[WATCH] EU-Turkey agreement to be replicated in Mediterranean – Joseph Muscat

Maltese Prime Minister Joseph Muscat says that the EU will focus on the central Mediterranean in the next leaders' summit to be held in Malta in February 2017, as Malta's insistence that the central Mediterranean was pivotal in the management of the migrant crisis was now acknowledged by other countries

Prime Minister Joseph Muscat says EU leaders recognise importance of central Mediterranean in migrant crisis
Prime Minister Joseph Muscat says EU leaders recognise importance of central Mediterranean in migrant crisis
EU leaders agree central Mediterranean pivotal in migrant crisis - Muscat

The EU’s agreement with Turkey needs to be replicated for the central Mediterranean, which is pivotal to the immigration crisis and to the EU’s dealings with Turkey, according to Maltese Prime Minister Joseph Muscat.

Muscat, who was speaking to the media following discussions with other EU leaders at the European Council summit in Brussels on Thursday, said that the central Mediterranean would be the focus of discussions at the next leaders’ summit, to be held in Malta in February, as Malta’s insistence on the importance of the central Mediterranean was now mainstream among EU leaders.

He said there was a general consensus among the EU heads of state or government present that this issue needed to be addressed urgently.

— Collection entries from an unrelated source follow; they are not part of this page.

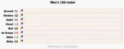 而在加速度方面,博尔特从起跑到加速至最高速度,只需要1.61秒,少于绝大部分短跑名将。
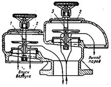 Дыхательный клапан (рисунок 10) предназначен для регулирования давления газовоздушных паров в резервуаре в процессе подачи или отбора нефти, при колебании температуры в течение суток. При повышении давления внутри резервуара клапан 3 поднимается, и лишний газ выходит в атмосферу, а при понижении - открывается клапан 1 и в резервуар поступает воздух.
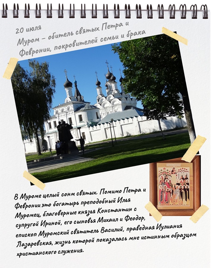 Настоящим удивлением было узнать, что в Муроме существует целый сонм святых. Помимо благоверных Петра и Февронии, а также былинного богатыря, а в конце жизни – Печерского монаха преподобного Ильи Муромца, были благоверные муромские князья Константин с супругой Ириной, его сыновья Михаил и Феодор, епископ Муромский и Рязанский святитель Василий, а также праведная Иулиания Лазаревская, жизнь которой показалась мне истинным образцом христианского служения.
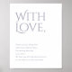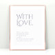 A thoughtful and cheery wedding sign that says "Thank you for being here, with hearts full of cheer

“If you ask me, the EU needs to acknowledge that the agreement with Turkey needs to be replicated for the central Mediterranean, and therefore member states involved directly in the migration crisis but also transit countries like Nigeria,” he said.

Muscat said the leaders had also agreed that the EU needed to engage Russia to ensure the Minsk agreement is respected by all parties, following cries for the EU to impose sanctions on Russia because of the situation in Aleppo.

EU-Ukraine Association Agreement

Muscat said the EU leaders had also reached an agreement with the Netherlands to allow the bloc to enact an agreement on closer ties with Ukraine.

The deal should allow the EU to show a united front in the face of an increasingly hostile Russia and boost trade and cooperation with an eastern European nation finding it hard to keep out of Moscow's sphere of influence.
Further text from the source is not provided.